Althea chafed at Ben’s style of going through all the preliminaries before getting to the main business. It was very academic, but not the most effective way to communicate how code is written and what it does.

Ben continued “With these in hand, we can write our sieve in the new way. As we collect primes, we create a list of composite numbers by collecting the multiples of each primes, starting with the prime squared. So for two, our composites are 4, 6, 8, 10, 12, 14, 16, 18, 20, 22, 24, .... For three, they’re 9, 12, 15, 18, 21, 24, ..., and for five they’re 25, 30, 35, 40, 45, ....”

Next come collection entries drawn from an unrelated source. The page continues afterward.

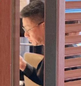 许雅钧戴了一副眼镜,穿了黑色的衬衫,从侧面看他咀嚼的时候,下巴上的褶子好多,有点老了,毕竟56岁了。
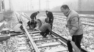 11月24日,我市迎来今冬第一场雪。为确保铁路行车安全,漯阜铁路有限责任公司组建党团员突击队清扫道岔积雪,涂油、喷洒防冻液,确保设备正常运转,同时在客运站台铺设地毯、防滑垫等,防止旅客摔伤。图为突击队队员清扫道岔积雪。
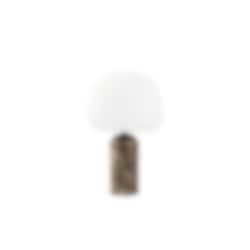 Lampan har fina materialval i munblåst opalt glas och en fot i brun emperador-marmor.

function * multiplesOf (startingWith, n) {
  let number = startingWith;

  while (true) {
    yield number;
    number = number + n;
  }
}

“By successively merging them together, we get a list of numbers that aren’t prime. The merge of the composites above is 4, 6, 8, 9, 10, 12, 12, 14, 15, 16, 18, 18, 20, 21, 22, 24, 24, 25, ..., which we can pass to unique to get 4, 6, 8, 9, 10, 12, 14, 15, 16, 18, 20, 21, 22, 24, 25, ....”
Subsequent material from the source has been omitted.